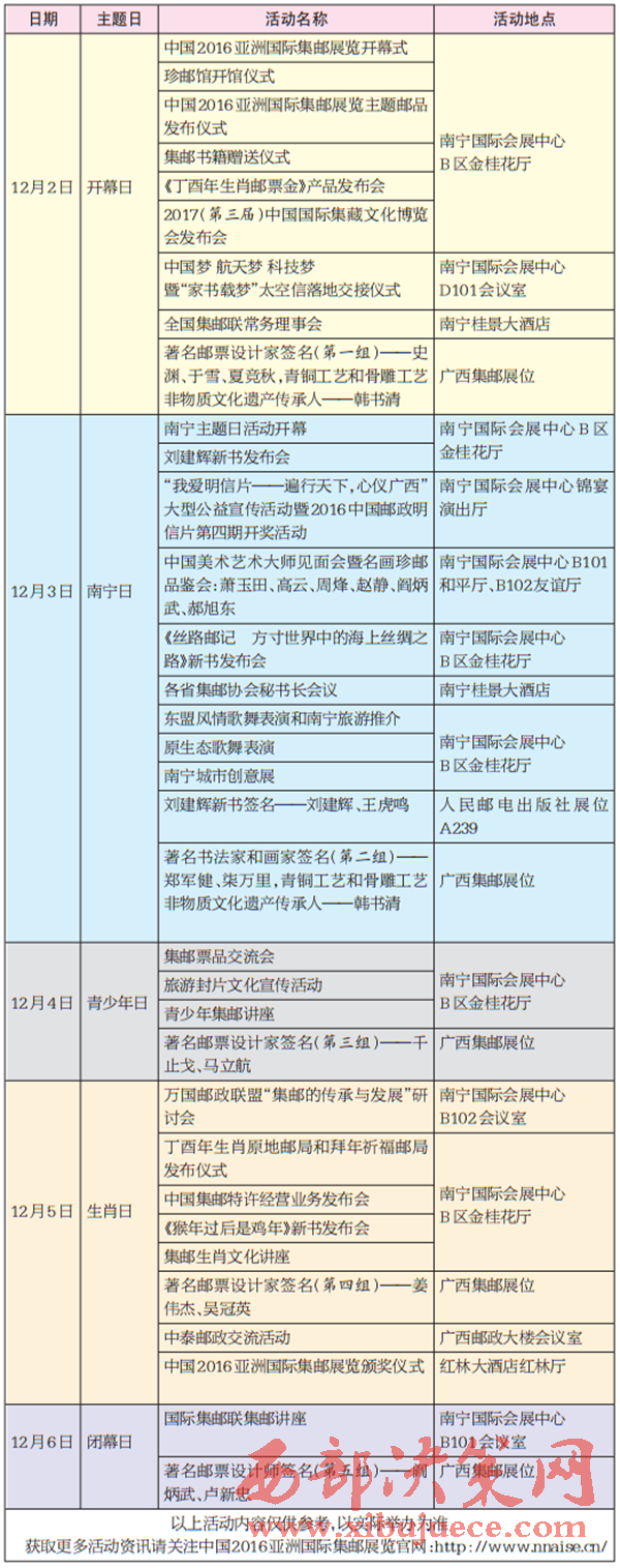中國2016亞洲國際集郵展覽即將于12月2日—6日在南寧舉行,除了精彩的競賽性和非競賽性展品,郵展期間還將舉辦生肖郵票展示和主題郵局展示等相關(guān)活動(dòng)。展會(huì)還特別設(shè)定了開幕日、南寧日、青少年日、生肖日、閉幕日五個(gè)主題日,下面就來看看每個(gè)主題日都有哪些豐富的活動(dòng)吧。
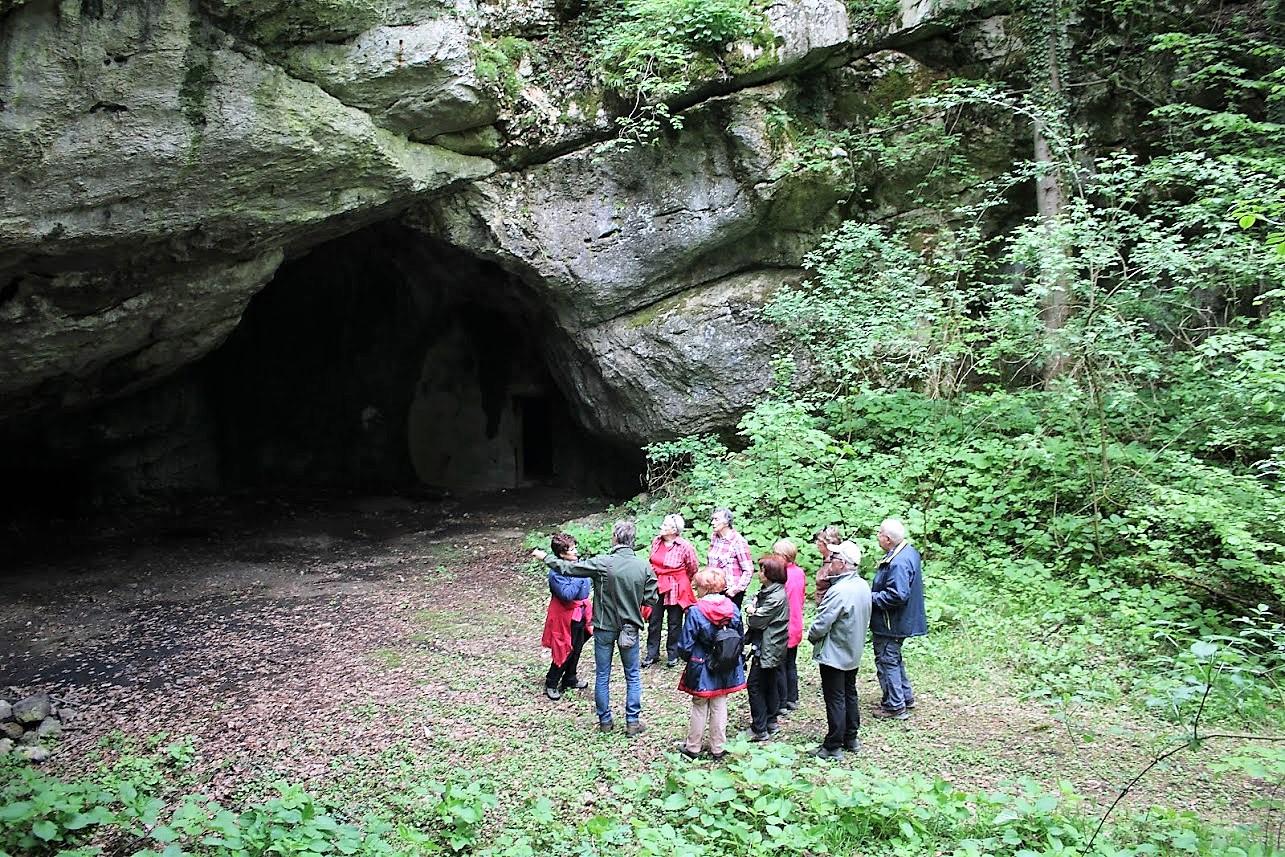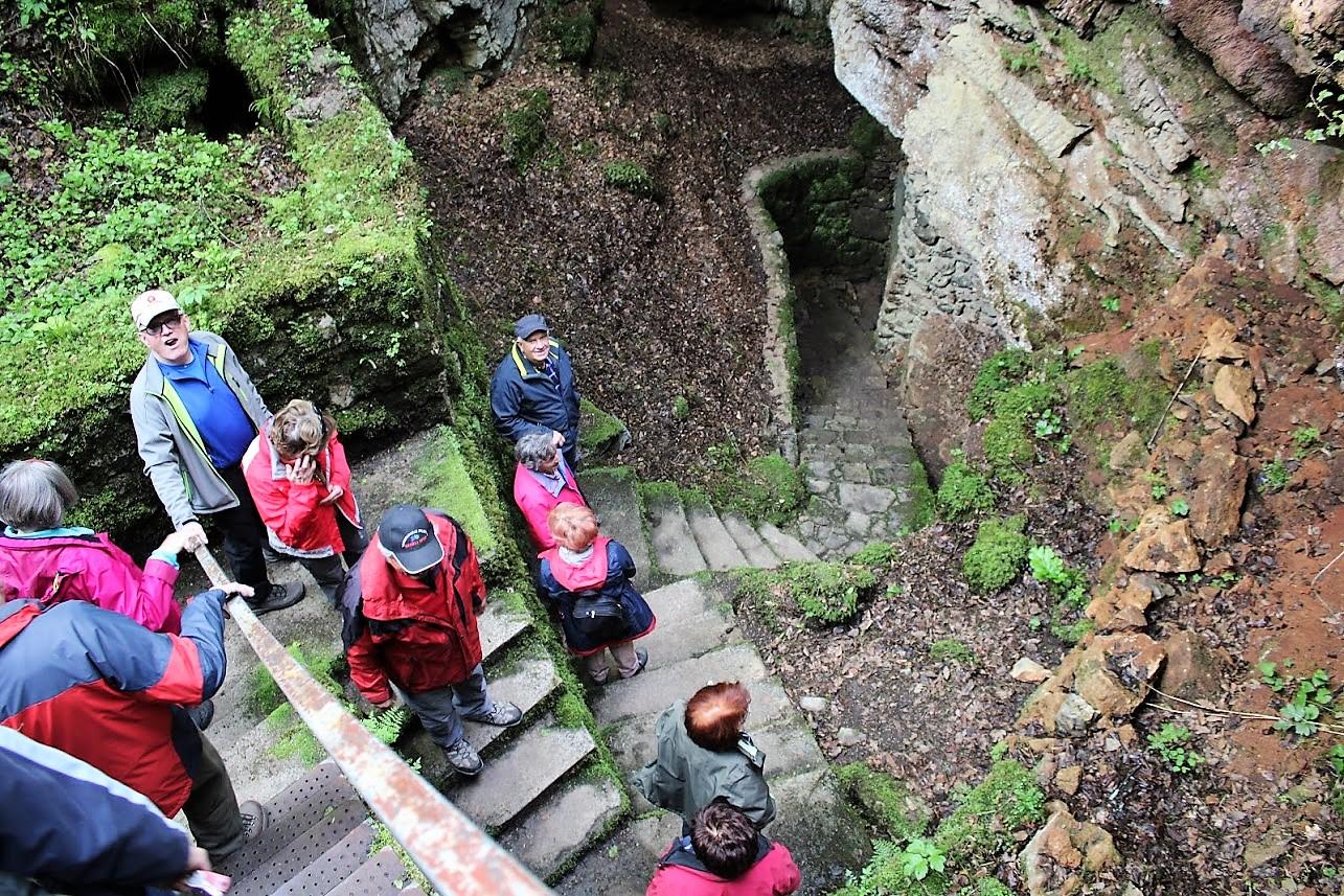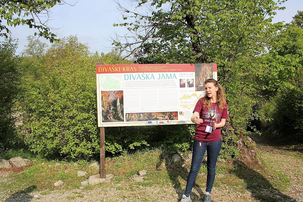 Zaradi festivala KRAŠKA GMAJNA, ki bo potekal do 25. maja letos in zaradi slovesnosti v Parku Škocjanskih jam, smo morali spremeniti predvideni potek izleta na območju Divače. Najprej, tj. že ob 9 uri zjutraj nam je vodstvo Jamarskega društva, imenovanega po domačinu Gregorju Žiberni, omogočilo ogled prečudovite Divaške jame, odkrite že leta 1884. Z množico udornih dolin in brezen v okolici Divače je del nekdaj aktivnega jamskega sistema, ki ga je na tem območju oblikovala Reka, ki nedaleč stran ponika v znamenite Škocjanske jame. Z zanimanjem smo si ogledali izredno zanimivo kapniško bogastvo pisanih stalagmitov, sveč, sigastih kop, kristalov, ki krasijo ogromno notranjost jame, nastale skozi dolgo geološko zgodovino. Po uri in pol hoje po različno osvetljenih in imenovanih predelih jame, smo zvedeli veliko o neverjetnih podzemnih krasotah v plesni in mali ter dvorani kralja Matjaža, v območju kalvarije, slonovega rilca in katakomb. Po izhodu iz jame smo se odpravili do spodmola TRHLOVCA, kjer so si ljudje postavljali tabore že v mlajši kameni dobi in, kjer so našli keramiko, kosti lovnih ter domačih živali. Nedaleč smo si ogledali še pastirsko hiško, kamnito človeško zatočišče, zahtevnejše suhozidne gradnje.
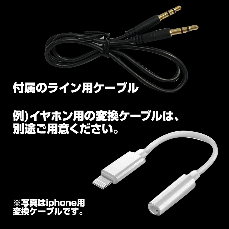 ※Lightningケーブル(iPhone)からイヤフォンジャックへの変換ケーブルは付属されておりません。
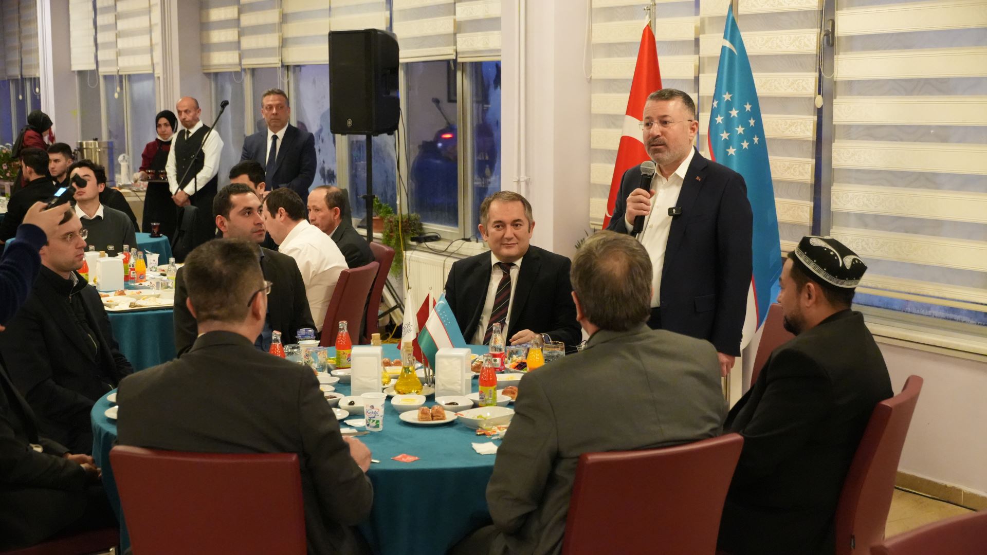 Karabük Üniversitesi Sosyal Yaşam Merkezinde düzenlenen iftar programına Karabük Üniversitesi Rektörü Prof. Dr. Fatih Kırışık’ın yanı sıra Rektör Yardımcıları Prof. Dr. Hasan Solmaz ve Prof. Dr. İsmail Rakıp Karaş, Özbekistan Elçiliği Siyaset Müşaviri Odil Gaffarov, Fergana İl Müftüsü Ubaydullah Abdullayev ile Ankara Konsolosu ve Yardımcısı Jahongir Mirzaev de katıldı. Program, yapılan duaların ardından sona erdi.
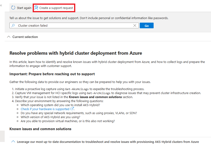 Wenn ein Problem mit AKS auf Azure Local auftritt, wird in diesem Artikel beschrieben, wie Sie eine Supportanfrage öffnen.
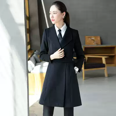 Office clothes woolen coat women's long version of work clothes slim body thick sample House Display Center 4s shop woolen coat winter

____________

■ What is needed
An exact transcription is requested of each line from the one that holds "Karabük Üniversitesi Sosyal" to the end of the listing above, both boundary lines included; pictures are to be omitted.

■ Reply
 Karabük Üniversitesi Sosyal Yaşam Merkezinde düzenlenen iftar programına Karabük Üniversitesi Rektörü Prof. Dr. Fatih Kırışık’ın yanı sıra Rektör Yardımcıları Prof. Dr. Hasan Solmaz ve Prof. Dr. İsmail Rakıp Karaş, Özbekistan Elçiliği Siyaset Müşaviri Odil Gaffarov, Fergana İl Müftüsü Ubaydullah Abdullayev ile Ankara Konsolosu ve Yardımcısı Jahongir Mirzaev de katıldı. Program, yapılan duaların ardından sona erdi.
 Wenn ein Problem mit AKS auf Azure Local auftritt, wird in diesem Artikel beschrieben, wie Sie eine Supportanfrage öffnen.
 Office clothes woolen coat women's long version of work clothes slim body thick sample House Display Center 4s shop woolen coat winter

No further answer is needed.